Have you ever tried doing something, like drawing, and no matter how much you try and concentrate on the task, you just still suck? That’s how I felt for all of my 22 years of life. Throughout school I have struggled a lot, I’ll admit that because I have. I was never the student to receive straight A’s even when I would try my hardest. From elementary school through middle school I was in reading and math support because the school saw that I had low numbers in those dumb readings they timed you on.
High school came around and I, thankfully, didn’t need to be in those classes anymore. Actually, my senior year I was in an honor’s reading class – so in your face reading support teacher! Still, school was tough. I would study, and study, and study, but no matter how hard I tried I still would never see an ‘A’ on an exam. By the time I was a senior, I just came to realization that my best friend was a 70% or below on exams. Report cards were B’s, C’s and occasional D’s. I mean I did receive two A’s but I was taking band and chorus, music was the only thing I could concentrate in.
Though, when it came to college for the first two years I went to, in my opinion, an easier college academically than Illinois State University is. So, there I received good grades, actually having a 3.0 GPA – everything was great!
It wasn’t until I came to ISU and school became difficult again. I couldn’t focus on anything the professors were lecturing about. My mind was always somewhere else, I didn’t understand the material at all, even if I re-read chapters over and over again. I tried to make note cards my best friend, putting information into songs, and re-writing my notes over and over again. But still when exams came, I just blanked and ended up guessing on everything.
I hated that my 3.0 GPA lowered in just a year. This year, my senior year, is when I finally gave up and needed to figure out what was wrong with me. I definitely couldn’t go on with this any longer, especially if I was going to go out in the world next year to get an “adult” job.
I did some research and I talked with my mom and doctors and we came to the conclusion that I should get tested to see if I had a learning disability – so that’s what I did.
After hours of long continuous testing and weeks of waiting for the results, I finally knew the answers to, basically, all my problems that I have had.
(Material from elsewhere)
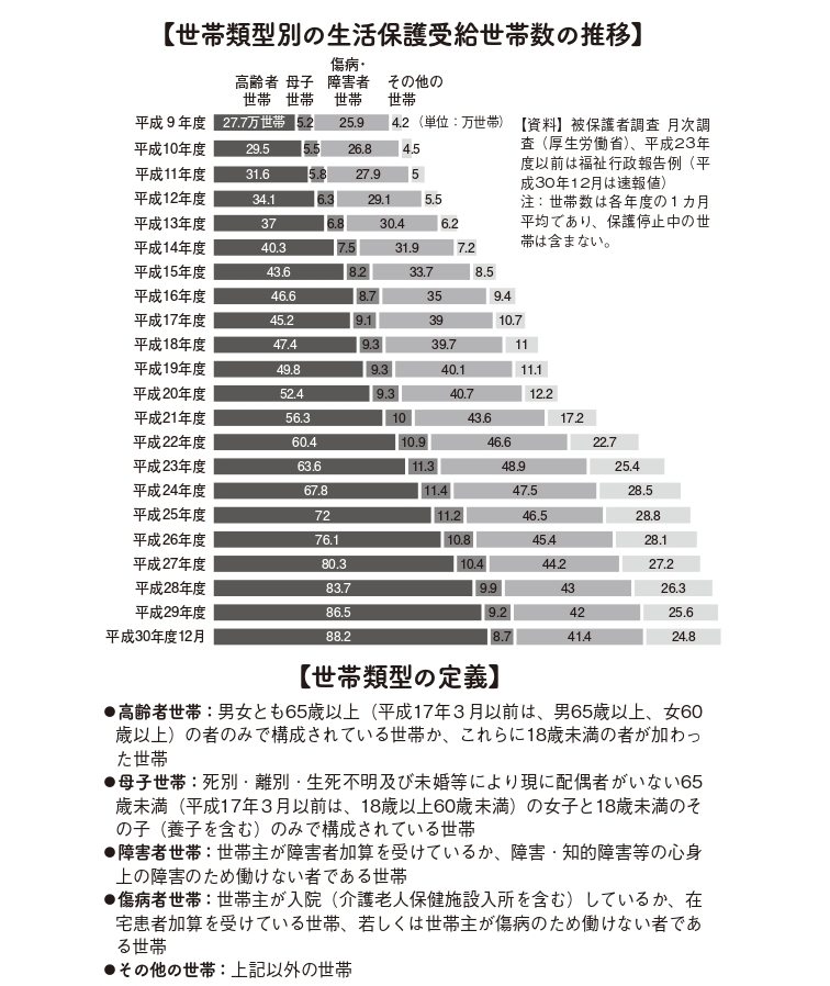 ちなみに、厚生労働省が今年3月に発表した資料(生活保護制度の概要等について)によると、実際にこの20年間で生活保護を受給する母子世帯はほぼ倍増しています。実数で約10万世帯の母子世帯が、実際に生活保護を受けている状況です。

I definitely did not realize that the next time I would be sitting in those same exact chairs, that I took those annoying tests in, my life would totally be different.
I have Attention Deficit Disorder (ADD).
Twenty-two years later in my life and I have finally found out the biggest puzzle piece that was missing as to why I was the way I was. Everything made sense for once in my life!
The only thing that makes me mad is how come, 22 years later, I am just now finding this information out. I don’t understand how none of my teachers, that I had growing up, never realized this. I clearly was at the bottom of everything. Always struggling to hang on with my grades, but yet, nothing. I even remember in elementary school my grades were so low on my report card that I was worried if I even could have passed to the next grade or not. If a child is struggling this hard, especially in elementary school, how come nobody ever helped their student out and suggested those long, annoying, boring, tests earlier? What about that saying, “no student left behind?” If a teacher reached out and suggested this, I definitely wouldn’t have been “behind” always trying to figure out school.
Now that I FINALLY know what has been wrong for basically my whole life – everything makes sense! I am a firm believer that everything happens for a reason. Learning that I have Attention Deficit Disorder (ADD) now instead of earlier on makes me feel accomplished and grateful when I see an ‘A’ as a final grade in a course in college, rather than taking everything for granted.